- [Supplied records]

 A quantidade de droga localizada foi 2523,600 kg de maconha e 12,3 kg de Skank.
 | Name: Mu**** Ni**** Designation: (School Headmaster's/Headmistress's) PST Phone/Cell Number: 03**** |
* * *
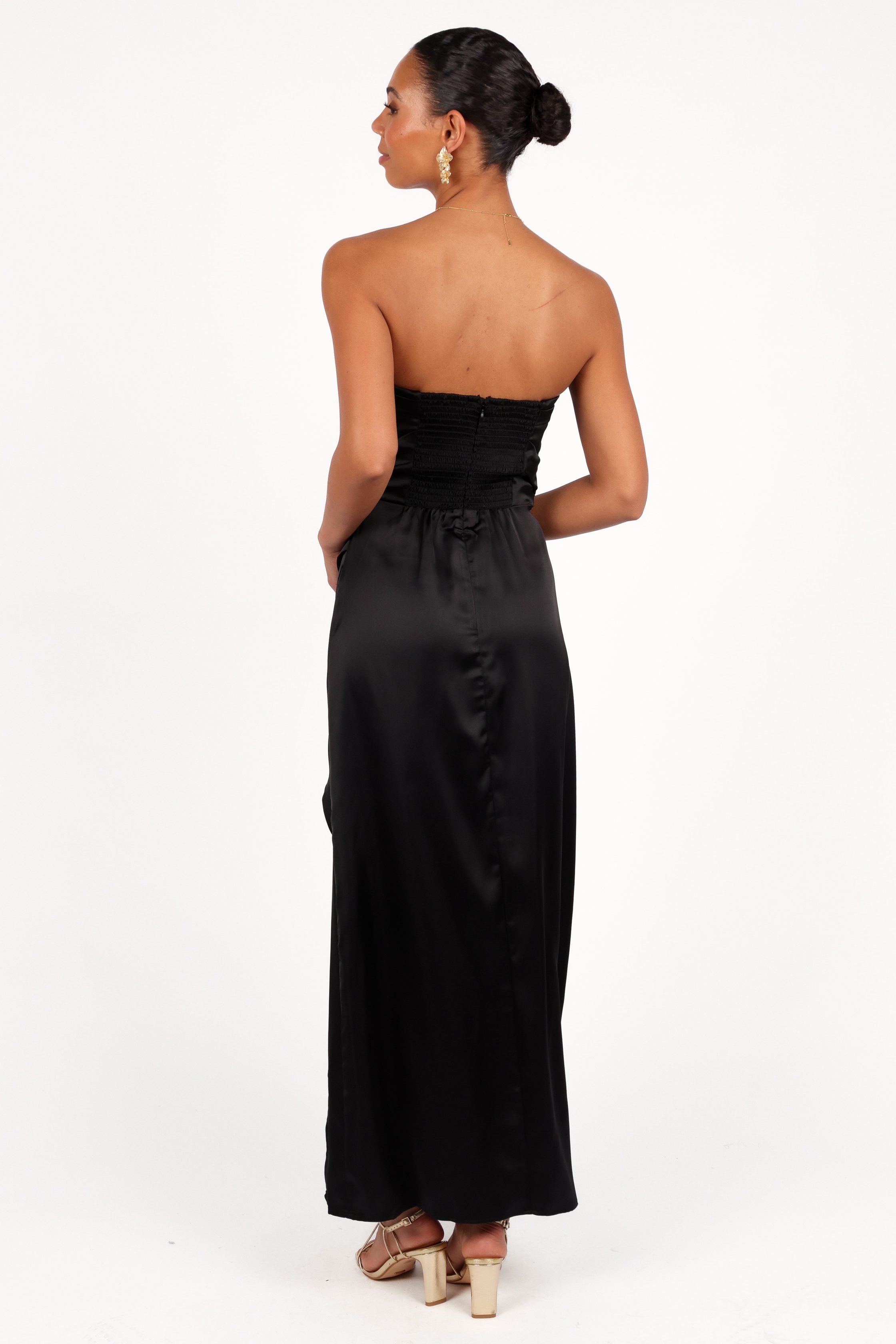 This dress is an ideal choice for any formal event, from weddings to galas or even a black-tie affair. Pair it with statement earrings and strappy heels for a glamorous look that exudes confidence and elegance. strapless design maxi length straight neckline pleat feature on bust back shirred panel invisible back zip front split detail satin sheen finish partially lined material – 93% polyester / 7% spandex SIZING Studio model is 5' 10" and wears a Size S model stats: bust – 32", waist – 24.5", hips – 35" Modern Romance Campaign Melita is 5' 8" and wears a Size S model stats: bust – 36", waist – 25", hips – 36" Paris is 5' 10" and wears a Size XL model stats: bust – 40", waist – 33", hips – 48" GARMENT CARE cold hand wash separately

- [Task goal] Extract from the records above the lines from the one containing "A quantidade de" to the one containing "Number: 03**** |", both lines included, exactly as they appear and with nothing else.

- [Finished exercise]
 A quantidade de droga localizada foi 2523,600 kg de maconha e 12,3 kg de Skank.
 | Name: Mu**** Ni**** Designation: (School Headmaster's/Headmistress's) PST Phone/Cell Number: 03**** |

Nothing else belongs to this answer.